__Activity__. Can you copy out the data exactly? Leave the images out.

__Task material__.
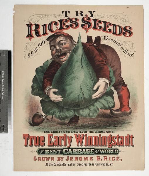 Image of a man wheeling a giant 90 lb. cabbage in a wheelbarrow on dirt road on the way to a county fair in an advertisement for Rice's Seeds of Cambridge, New York.
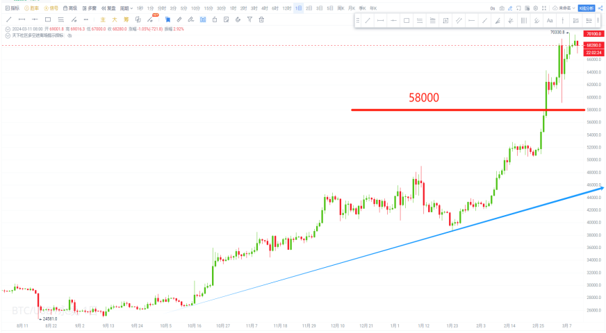- Daily Chart: After breaking above the 58,000 support level, there was a pullback. If the pullback does not break this support in the future, the upward trend will continue.
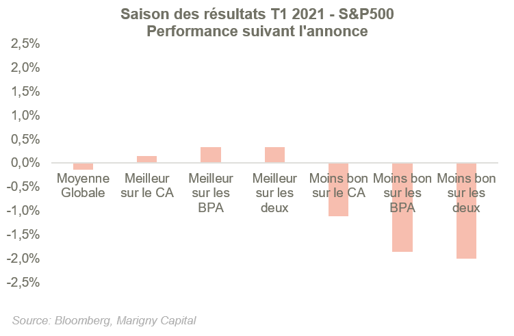 Nous présentons sur le graphique suivant la performance moyenne des titres lors de leur publication de résultats du 1er trimestre 2021, selon la surprise (positive ou négative) au niveau du chiffre d’affaires et/ou du bénéfice par action.
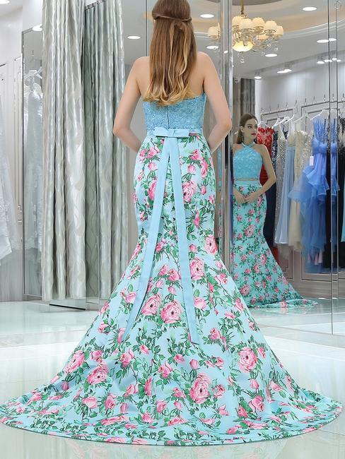 Elegant Mermaid Halter Two Pieces Blue Floral Prom Dresses, Beads Evening Dresses,PD49222
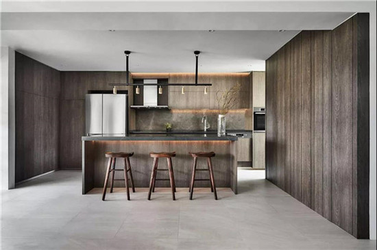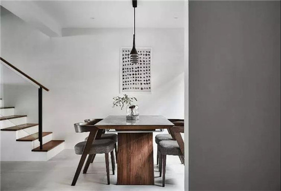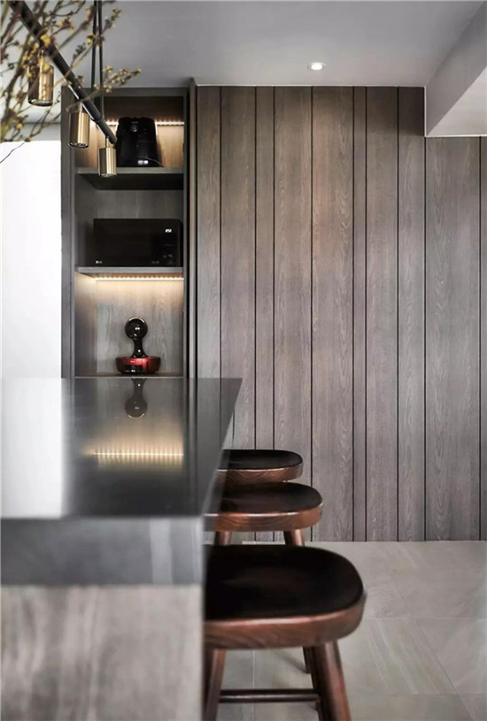 餐厅采用了同样的深色胡桃木材质
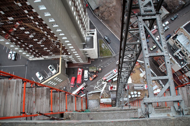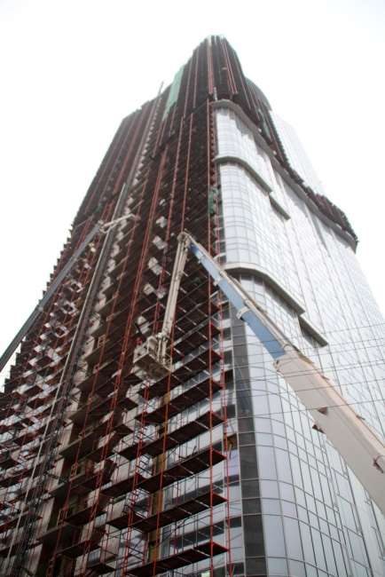 В завершении учений всем журналистам удалось посетить высотку, куда корреспондентов доставили с помощью внешнего лифта.
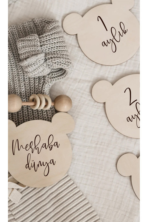 Ahşap Ayıcık Şekilli Aylık Bebek Fotoğraf Çekim Kartları – 1-12 Ay
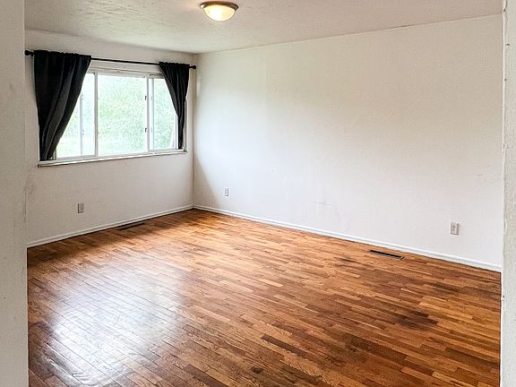 Bright and clean single-story house with off-street parking. Lovely hardwood floors throughout most of the home. Crisp white interior paint. Front living room with picture window. Eat-in kitchen sports white cabinets, attractive tile backsplash, and ceramic tile floors, and includes fridge and oven range. 3 pleasant main level bedrooms. Bathroom has tile floor and combo shower and jetted tub. Basement features finished family/rec room with closet. Washer and dryer included in the unfinished section. Dual pane windows. Partially fenced back yard.
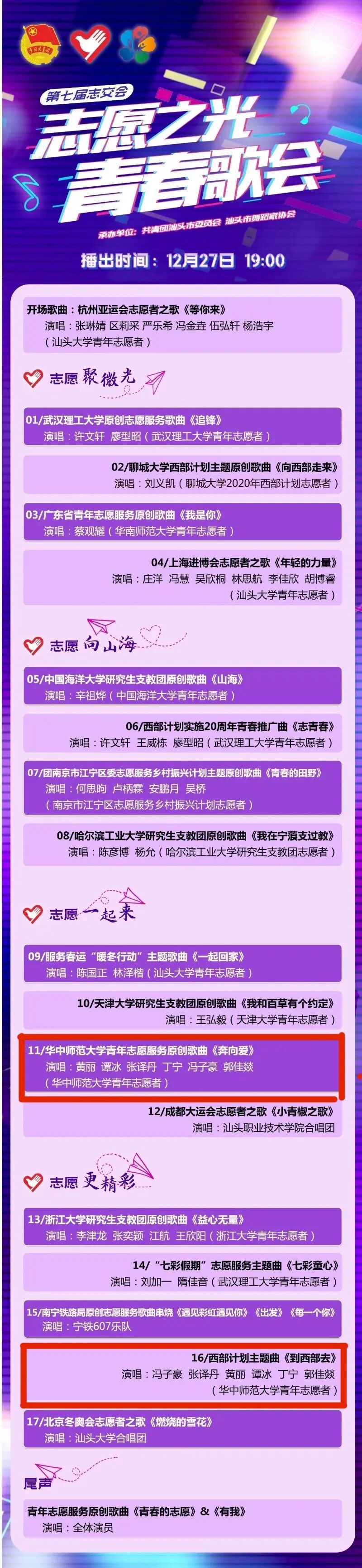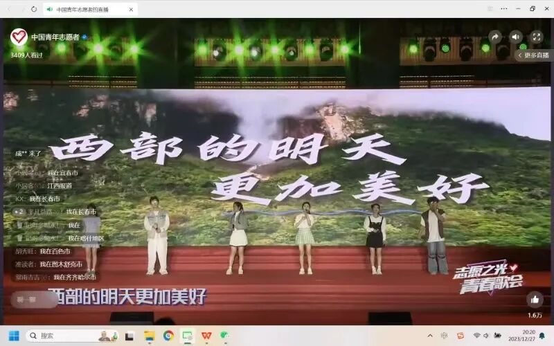 近日,第七届志交会“志愿之光”青春歌会在汕头大学桑浦山校区大礼堂前广场线下举行,并于12月27日正式于中国青年志愿者官方视频号直播间火热开唱!我校音乐学院志愿者黄丽、谭冰、冯子豪、张译丹、郭佳燚、丁宁6位同学在学校许曾老师指导下,积极参加本届“志愿之光”青春歌会,激情唱响《奔向爱》和《到西部去》两首歌曲。据统计,累计近1.7万人次线上观看本场直播,节目点赞量近1.8万。
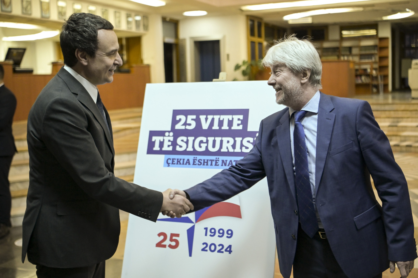 Kryeministri i Republikës së Kosovës, Albin Kurti, mbrëmë mori pjesë në hapjen e ekspozitës të titulluar “Njëzet e pesë vjet të Republikës së Çekisë në NATO”, që u mbajt në Bibliotekën Kombëtare “Pjetër Bogdani”, në Prishtinë, për ta shënuar kështu 25-vjetorin e anëtarësimit të Republikës së Çekisë në NATO.
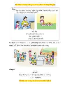 b) Có 20 cái bánh, chia đ u ề vào 5 h p. ộ Mỗi h p có s ộ ố cái bánh là: 20 : 5 = 4 (cái bánh) Em có phép chia 20 : 5 = 4.
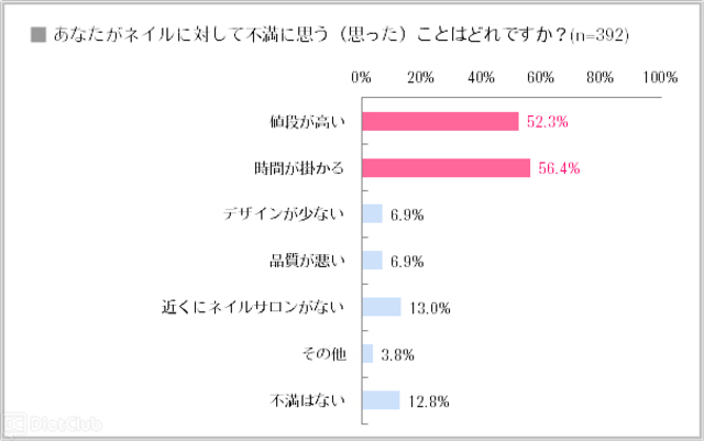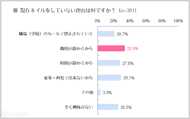 ネイル経験者を対象に「ネイルに対する不満」を聞いたところ、「時間が掛かる」が56.4%でもっとも多く、次いで「値段が高い」が52.3%という結果に。一方、現在ネイルをしていない人を対象に「ネイルをしていない理由」を聞いたところ、「費用が掛かる」が33.9%、「時間が掛かる」が27.8%だった。ネイルをしたい気持ちはあるができない理由として、「職場(学校)で禁止されている」が20.7%、「家事・育児で出来ない」が29.1%だった。
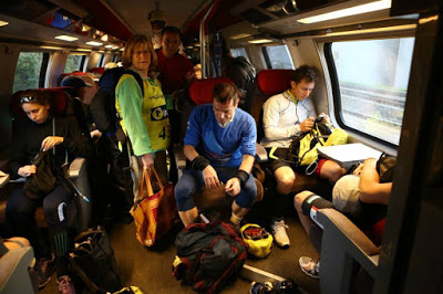 Eu tinha que pegar um trem para a largada as 5.59 h ainda tinha que separar comida me arrumar e correr até a estação.
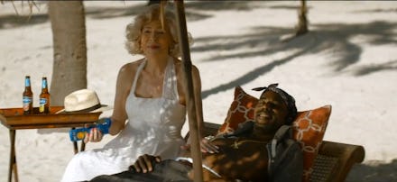 The super bizarre clip features Marilyn Monroe, Kurt Cobain, Tupac Shakur, Elvis Presley and Bruce Lee doing the respective cliches you'd associate with them even if you didn't speak English. An aging Monroe, ever the flirt, rubs sunscreen onto Tupac's "Thug Life"-tatted tummy. Cobain dons his white mod sunglasses to trade guitar riffs with John Lennon. Elvis says "thank you" seductively. The ad gets an A for American cultural literacy.
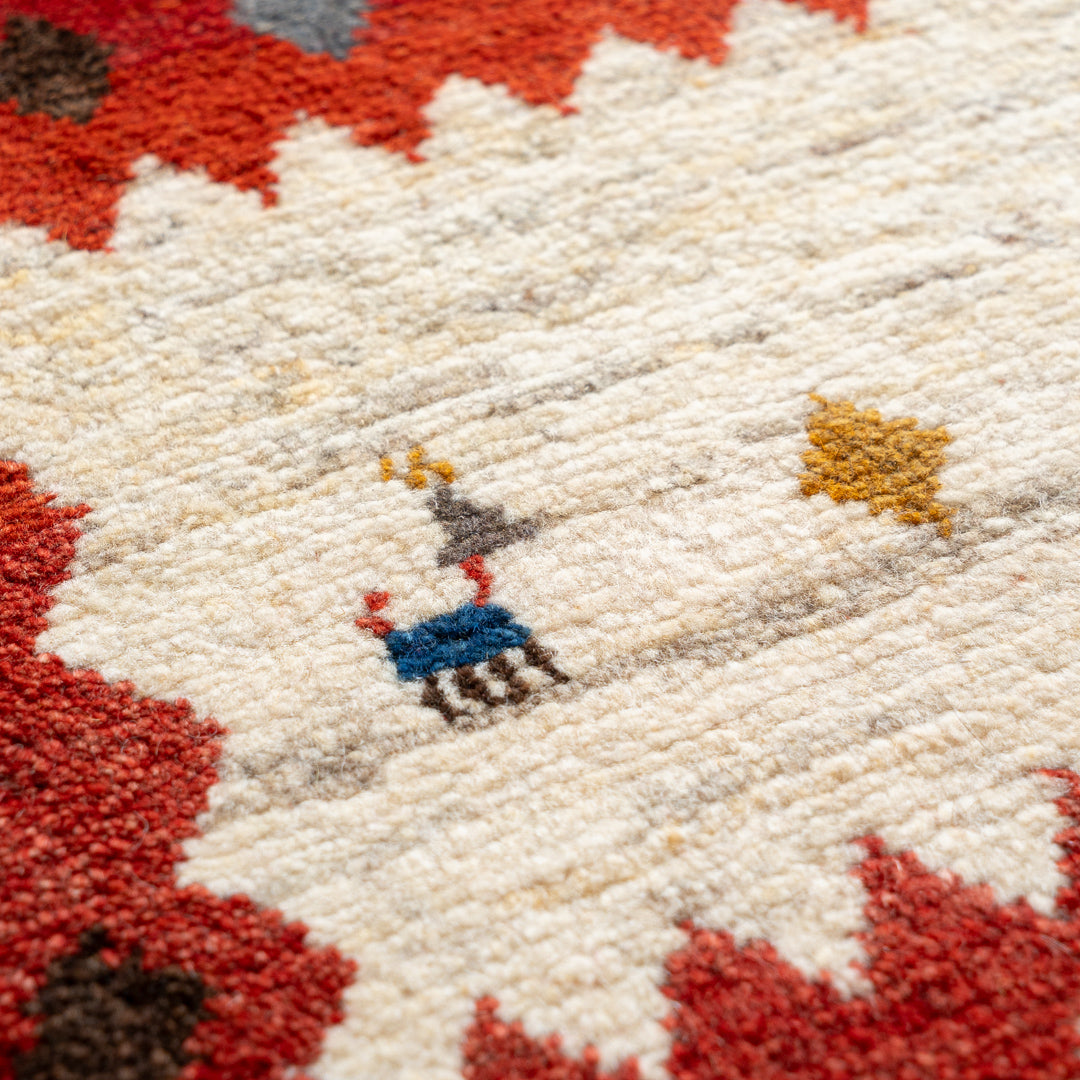 ギャッベはイランのザクロス山脈を遊牧しているカシュガイ族が手織りする、草木染の羊毛を使った毛足の長い生活に根付いた絨毯です。本商品に使用されているペルシャバリアントと呼ばれる羊毛は、過酷な環境であるザクロス山脈で生きていく為の優れた耐久性や、体温調整を上手に行うために多くの脂分を含んだ柔らかく触り心地の良い毛質を揃えています。
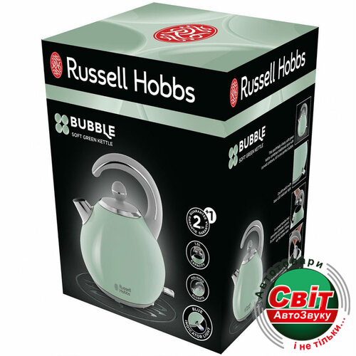 Електрочайник RUSSELL HOBBS 24404-70Встречайте Новинка от легендарного британского бренда с 65-летней историей Russell Hobbs. Чайник из новой линейки приборов для завтрака Bubble в первую очередь выделяется необычным дизайном. Выполнен в нежном оттенка зеленого с милым весенним дизайном и стильными стальными акцентами он безусловно станет не просто кухонным прибором, но и изюминкой интерьера. Такой привлекательный внешний вид повседневной прибора непременно радовать глаз, и задавать вам хорошее настроение на весь день! Мощность чайника наиболее оптимальная - 2300 Вт. А объем 1,5 л, что делает его удобным как для молодой пары, так и семьи с детьми. Прибор также снабжен удобным переключателем с голубой подсветкой. А съемная крышка, внутренний индикатор уровня воды, поворотная на 360 ° база с местом для хранения шнура, съемный фильтр, сделают его использование максимально простым и удобным.
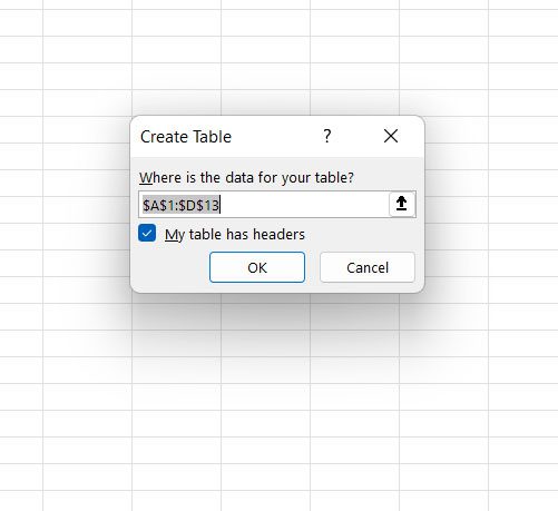 Du vil også være i stand til at markere eller fjerne markeringen i feltet ved siden afMin tabel har overskrifter.
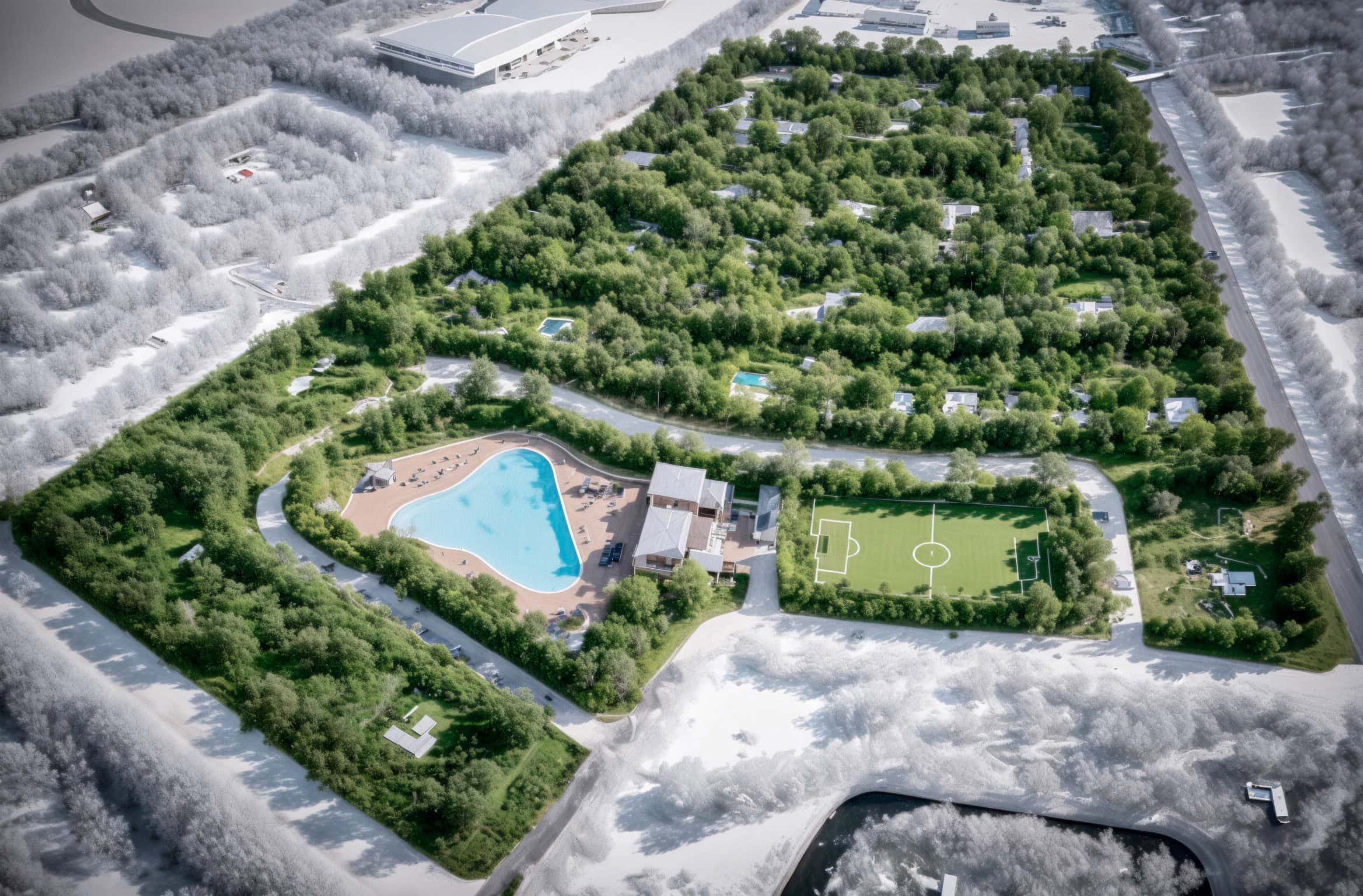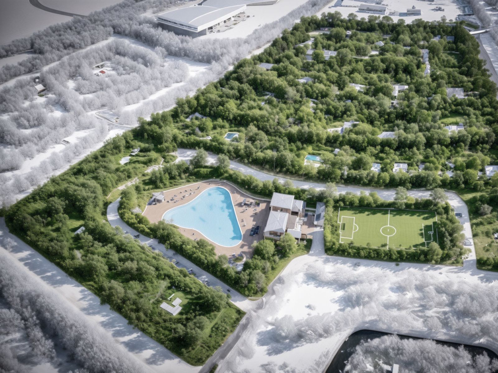 El proyecto incorpora sistemas de captación pluvial, reciclaje de aguas grises, uso de materiales locales y soluciones bioclimáticas que optimizan el confort y reducen el impacto ambiental. El lago central funciona como bioestanque para el manejo del agua y como espacio recreativo.

__Answer box__.
 Image of a man wheeling a giant 90 lb. cabbage in a wheelbarrow on dirt road on the way to a county fair in an advertisement for Rice's Seeds of Cambridge, New York.
- Daily Chart: After breaking above the 58,000 support level, there was a pullback. If the pullback does not break this support in the future, the upward trend will continue.
 Nous présentons sur le graphique suivant la performance moyenne des titres lors de leur publication de résultats du 1er trimestre 2021, selon la surprise (positive ou négative) au niveau du chiffre d’affaires et/ou du bénéfice par action.
 Elegant Mermaid Halter Two Pieces Blue Floral Prom Dresses, Beads Evening Dresses,PD49222
 餐厅采用了同样的深色胡桃木材质
 В завершении учений всем журналистам удалось посетить высотку, куда корреспондентов доставили с помощью внешнего лифта.
 Ahşap Ayıcık Şekilli Aylık Bebek Fotoğraf Çekim Kartları – 1-12 Ay
 Bright and clean single-story house with off-street parking. Lovely hardwood floors throughout most of the home. Crisp white interior paint. Front living room with picture window. Eat-in kitchen sports white cabinets, attractive tile backsplash, and ceramic tile floors, and includes fridge and oven range. 3 pleasant main level bedrooms. Bathroom has tile floor and combo shower and jetted tub. Basement features finished family/rec room with closet. Washer and dryer included in the unfinished section. Dual pane windows. Partially fenced back yard.
 近日,第七届志交会“志愿之光”青春歌会在汕头大学桑浦山校区大礼堂前广场线下举行,并于12月27日正式于中国青年志愿者官方视频号直播间火热开唱!我校音乐学院志愿者黄丽、谭冰、冯子豪、张译丹、郭佳燚、丁宁6位同学在学校许曾老师指导下,积极参加本届“志愿之光”青春歌会,激情唱响《奔向爱》和《到西部去》两首歌曲。据统计,累计近1.7万人次线上观看本场直播,节目点赞量近1.8万。
 Kryeministri i Republikës së Kosovës, Albin Kurti, mbrëmë mori pjesë në hapjen e ekspozitës të titulluar “Njëzet e pesë vjet të Republikës së Çekisë në NATO”, që u mbajt në Bibliotekën Kombëtare “Pjetër Bogdani”, në Prishtinë, për ta shënuar kështu 25-vjetorin e anëtarësimit të Republikës së Çekisë në NATO.
 b) Có 20 cái bánh, chia đ u ề vào 5 h p. ộ Mỗi h p có s ộ ố cái bánh là: 20 : 5 = 4 (cái bánh) Em có phép chia 20 : 5 = 4.
 ネイル経験者を対象に「ネイルに対する不満」を聞いたところ、「時間が掛かる」が56.4%でもっとも多く、次いで「値段が高い」が52.3%という結果に。一方、現在ネイルをしていない人を対象に「ネイルをしていない理由」を聞いたところ、「費用が掛かる」が33.9%、「時間が掛かる」が27.8%だった。ネイルをしたい気持ちはあるができない理由として、「職場(学校)で禁止されている」が20.7%、「家事・育児で出来ない」が29.1%だった。
 Eu tinha que pegar um trem para a largada as 5.59 h ainda tinha que separar comida me arrumar e correr até a estação.
 The super bizarre clip features Marilyn Monroe, Kurt Cobain, Tupac Shakur, Elvis Presley and Bruce Lee doing the respective cliches you'd associate with them even if you didn't speak English. An aging Monroe, ever the flirt, rubs sunscreen onto Tupac's "Thug Life"-tatted tummy. Cobain dons his white mod sunglasses to trade guitar riffs with John Lennon. Elvis says "thank you" seductively. The ad gets an A for American cultural literacy.
 ギャッベはイランのザクロス山脈を遊牧しているカシュガイ族が手織りする、草木染の羊毛を使った毛足の長い生活に根付いた絨毯です。本商品に使用されているペルシャバリアントと呼ばれる羊毛は、過酷な環境であるザクロス山脈で生きていく為の優れた耐久性や、体温調整を上手に行うために多くの脂分を含んだ柔らかく触り心地の良い毛質を揃えています。
 Електрочайник RUSSELL HOBBS 24404-70Встречайте Новинка от легендарного британского бренда с 65-летней историей Russell Hobbs. Чайник из новой линейки приборов для завтрака Bubble в первую очередь выделяется необычным дизайном. Выполнен в нежном оттенка зеленого с милым весенним дизайном и стильными стальными акцентами он безусловно станет не просто кухонным прибором, но и изюминкой интерьера. Такой привлекательный внешний вид повседневной прибора непременно радовать глаз, и задавать вам хорошее настроение на весь день! Мощность чайника наиболее оптимальная - 2300 Вт. А объем 1,5 л, что делает его удобным как для молодой пары, так и семьи с детьми. Прибор также снабжен удобным переключателем с голубой подсветкой. А съемная крышка, внутренний индикатор уровня воды, поворотная на 360 ° база с местом для хранения шнура, съемный фильтр, сделают его использование максимально простым и удобным.
 Du vil også være i stand til at markere eller fjerne markeringen i feltet ved siden afMin tabel har overskrifter.
 El proyecto incorpora sistemas de captación pluvial, reciclaje de aguas grises, uso de materiales locales y soluciones bioclimáticas que optimizan el confort y reducen el impacto ambiental. El lago central funciona como bioestanque para el manejo del agua y como espacio recreativo.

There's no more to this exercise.